Washington's lavish deficit spending is sucking the life out of the global economy and fueling inflation, says Francois Villeroy De Galhau, governor of the Bank of France.

In an interview with Germany’s Borsen-Zeitung, De Galhau said there’s too much focus on the Federal Reserve, which is only part of the inflation problem.

“U.S. fiscal policy is the elephant in the room: it is not in the hands of the Fed, and could significantly affect the level of long-term interest rates,” he said, referring to the federal government’s spending measures.

“A large U.S. fiscal deficit tightens financial conditions and fuels inflation,” De Galhau explained.

Meanwhile, the IMF has warned that Washington’s endless fiscal deficits “could make the last mile of disinflation harder to achieve while exacerbating the debt burden.”

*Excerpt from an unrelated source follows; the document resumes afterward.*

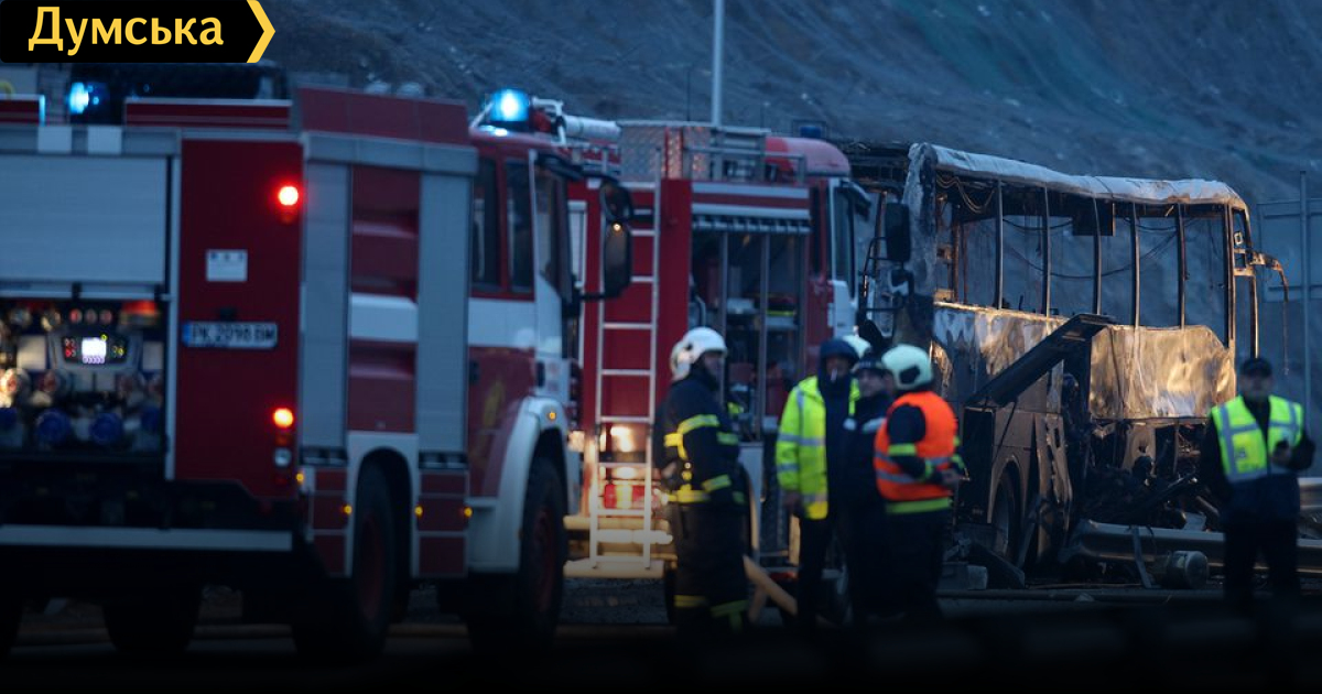 По меньшей мере 45 пассажиров автобуса погибли в результате ДТП и последующего пожара, который произошел ночью на шоссе в Болгарии. По данным местных СМИ, среди погибших в результате инцидента — 12 детей. Выжили семь пассажиров. Пострадавших госпитализировали в больницу Софии с ожогами лица и верхних дыхательных путей. Автобус перевозил туристов из Северной Македонии, выехав накануне вечером из Стамбула. Всего в автобусе находилось 52 человека. Точная причина аварии пока не известна, рассматривают несколько версий. Одна из них — неудовлетворительное состояние дорожного покрытия на участке, где произошло ДТП. Фото: Reuters СМЕРТЬ РОСІЙСЬКИМ ОКУПАНТАМ! Помітили помилку? Виділяйте слова з помилкою та натискайте control-enter Новини по цій темі: 10 листопада 2025: Смертельна аварія під Одесою: водія виправдали через відсутність доказів 20 жовтня 2025: В Одесі димить підстанція, а два райони міста частково залишилися без світла (відео) 9 жовтня 2025: Нічний удар по Одеській області: постраждали п'ятеро людей, понад 30 тисяч абонентів залишилися без світла 30 серпня 2025: Машина вилетіла в кювет: мер Рені потрапив в аварію, його мати загинула, а маленький син у лікарні (фото) 19 серпня 2025: У будівлі коледжу в центрі Одеси виявили труп невідомого |

By constantly spending above its means, Washington has to issue bonds to raise enough capital to spend on government programs. According to IMF managing director Kristalina Georgieva, this distorts the global flow of capital.

“There is an opportunity cost to this money,” Georgieva said. “It doesn’t go to emerging markets where it can finance jobs and business opportunities for American companies.”

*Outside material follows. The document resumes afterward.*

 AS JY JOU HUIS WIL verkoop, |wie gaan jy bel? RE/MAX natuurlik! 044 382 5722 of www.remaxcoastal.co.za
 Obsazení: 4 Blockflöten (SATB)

According to The Wall Street Journal, the U.S. government accounted for roughly a quarter of all outstanding debt issued by advanced nations. Fast forward to today, and that figure is about 50%.

Although economists say the U.S. is unlikely to default on its loans, there’s a growing risk that investors could become reluctant to buy the ever-growing stock of Treasury notes.

That means America’s dire fiscal situation won’t matter until it suddenly does.

A problem lurking in the background

In 2023, the U.S. deficit ran close to 7% of GDP as the federal government borrowed $1 trillion roughly every 100 days.

According to Paul Donovan, the chief economist at UBS Global Wealth Management, the absolute size of the debt isn’t the biggest problem, as many other countries have had higher debt ratios.

Perhaps the biggest issue is that, unlike many major economies, the U.S. isn’t taking decisive action to cut down on spending and reduce its national debt.

“The political polarization that prevents a policy for a sustainable deficit is a concern, but is probably more of a background worry for now,” Donovan told the Journal.

Although unsustainable deficit spending is not an issue at this moment, when it becomes so, it could be past the point of no return.

“The current unsustainable fiscal position will not matter until it matters, and then it will be all that matters and will affect bonds, stocks, derivatives, and the FX value of the dollar,” warned the U.K.’s National Institute for Economic and Social Research.

Based on IMF projections, the U.S. deficit will continue to grow at the same pace for at least the next five years. The IMF’s biannual Fiscal Monitor said the U.S. public debt could nearly double over 30 years.